Pero estas líneas son cada vez más distantes.
Los esfuerzos promocionales se centran cada vez más
en obras que no durarán más allá
de la temporada de su promoción. El encuentro
queda cada vez más en manos de la casualidad.
Por
esto Internet es importante para la Literatura. Y
lo es por varios motivos. El primero de ellos es su
doble naturaleza. Internet es una gigantesca imprenta
virtual y también una gigantesca librería.
Los textos circulan por ella, como información,
de forma fluida. Liberados de la materialidad del
objeto-libro, los textos recorren el globo de forma
casi instantánea. Internet también es
un depósito textual en el que se encuentran
millones y millones de páginas virtuales.

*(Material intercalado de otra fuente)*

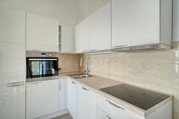Appartamento può accogliere 6 ospiti. I letti sono disposti nelle camere da letto che sono 3, su 70m2. Gli ospiti hanno a disposizione il proprio balcone per godere delle calde serate estive. Dall'appartamento si gode di una vista sul mare. Si può preparare il cibo utilizzando il barbecue comune.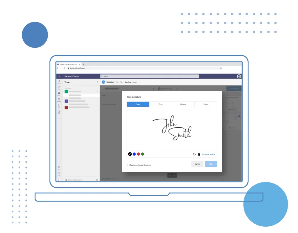 Users will be able to sign and send requests for signature from the Channels in MS Teams.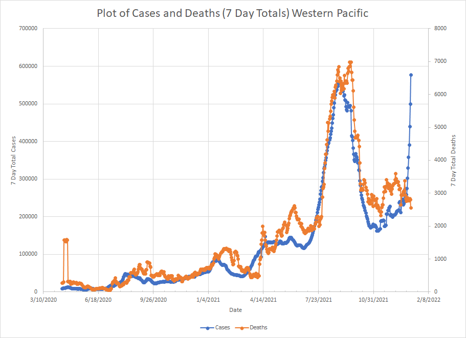 Then we have the Western Pacific region which includes China, Japan and down to Australia and New Zealand. Right now, Australia is one of the bigger drivers in cases. The wave started in early November but really didn’t start going vertical until late December. We did see an initial rise in deaths but they have actually started to fall lately.
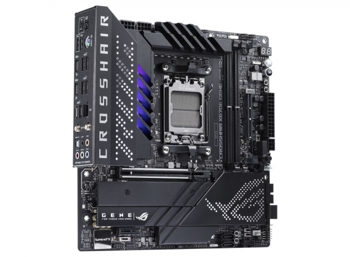 ROG Crosshair X670E Gene оснащено системою живлення з шістнадцяти блоків, спеціально створеною для роботи з багатопоточною потужністю процесорів AMD Ryzen™ серії 7000. У поєднанні з оптимізованим компонуванням пам’яті DDR5 ця спритна потужна система забезпечує надшвидкісну продуктивність. А ROG дозволяє максимально легко отримати доступ до своєї природної переваги завдяки набору унікального програмного забезпечення та мікропрограмних технологій, призначених як для початківців, так і для ветеранів.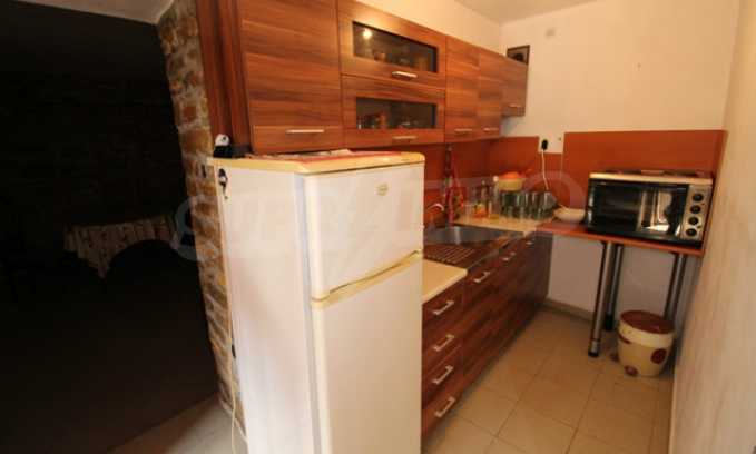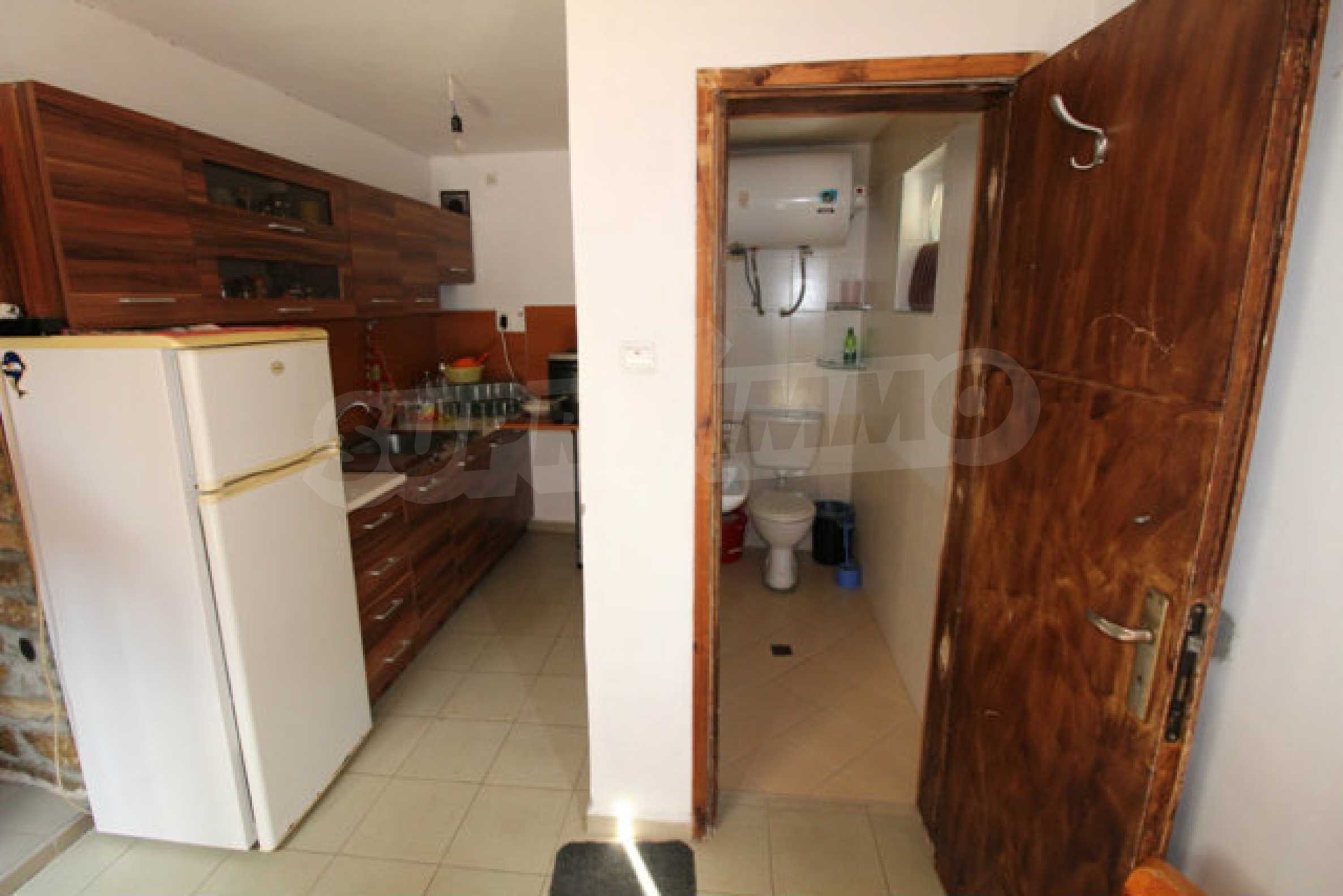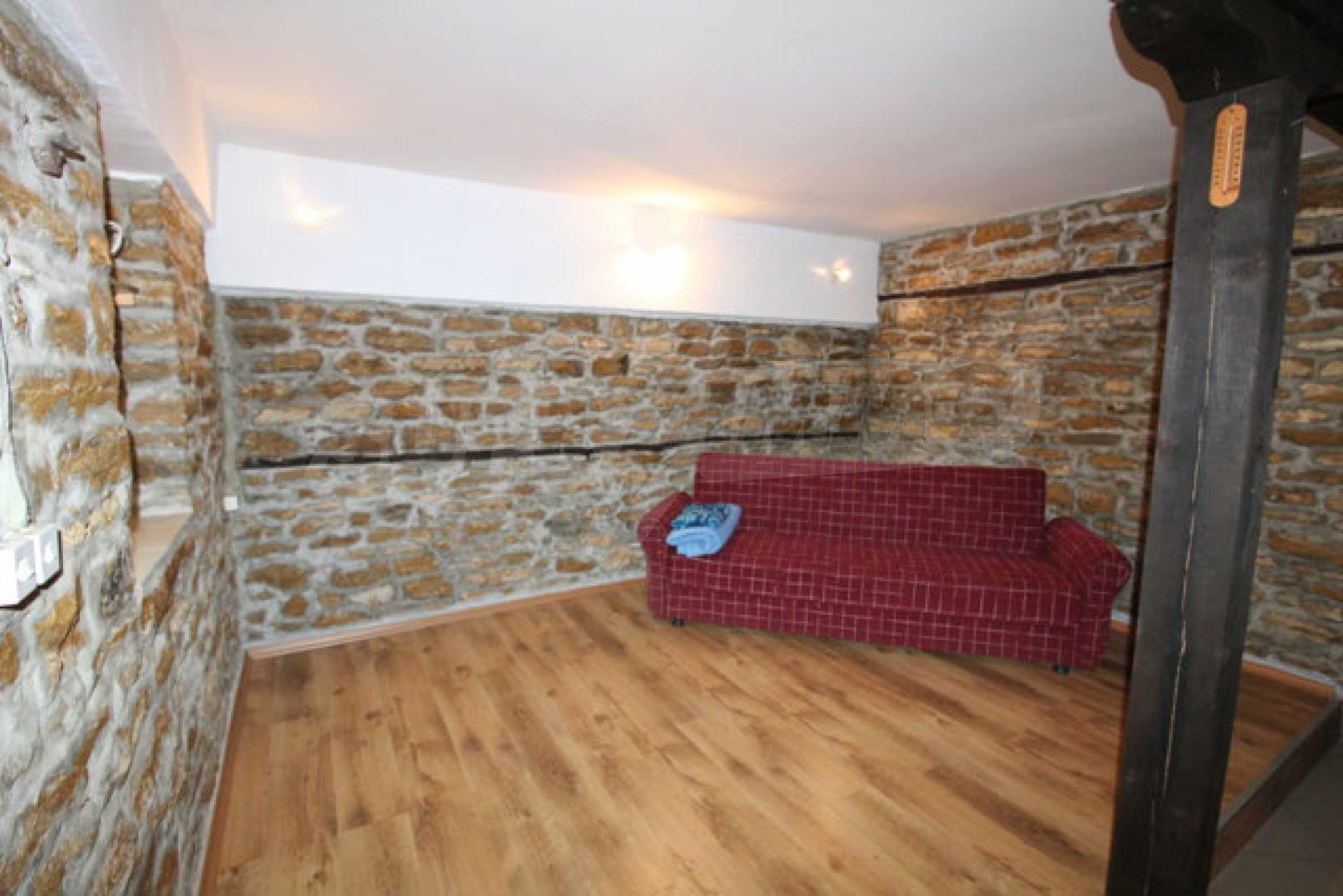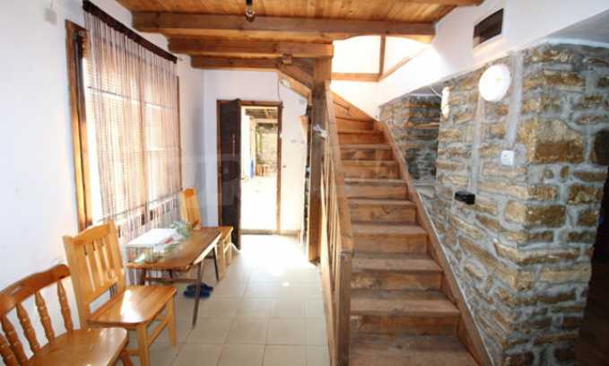 The house is built mainly of wood, stone and bricks and has internal insulation. Located 25 km. from the old capital of Veliko Tarnovo, the house has a total area of 110 sq.m., located on 2 floors with a southwest exposure and views of the forest. First floor - two-level mehana / dining room and place for relaxation / hall, kitchen, bathroom, staircase. Second floor - 2 bedrooms with a size of 16 sq.m. each, glassed porch. The house is furnished with everything if you planning to rent it out / capacity of 10-12 /. The yard is with a size of 600 sq.m. There are functioning well, a wood shed, parking space for car / s/. Year-round access to the village and house. In the area there are two dams for fishing, river Rosica and the historic Roman village - "Nicopolis ad Istrum" are 7 km. away. The house has insurance and security system. Unspoiled nature in the region conducive to active recreation and leisure.

Pero hay un tercer elemento que permite articular
los dos anteriores: Internet es un medio de comunicación
horizontal. Esta horizontalidad proviene de su
configuración como Red. A diferencia de los
Medios masivos tradicionales de comunicación,
Internet no tiene una estructuración jerárquica
que separe productores y receptores, sino que cualquier
ordenador puede, teóricamente, acoger a otros
visitantes o emitir información.
Yo
escribo, tú me lees
Uno de los argumentos más usados contra la
Red es que cualquiera puede escribir algo en
ella. Este argumento no es nuevo. De hecho, se utilizó
contra la imprenta en su momento. Es el tipo de razonamiento
que yo califico como de control. Alrededor
del mundo de los libros lo que es llamado el
sistema textual se tejen toda una serie
de instituciones que tratan de regir las condiciones
de producción, distribución, consumo,
clasificación y valoración. Todos estos
aspectos son funciones socioculturales.
Las
reglas de producción son las que determinan
las condiciones de la escritura y de la autoría.
Son las que establecen quién puede ser llamado
"autor" y qué tiene que hacer para
ser calificado como tal. También regulan la
producción material, es decir, qué puede
ser llamado "editorial" y cuáles
son sus condiciones legales, económicas, etc.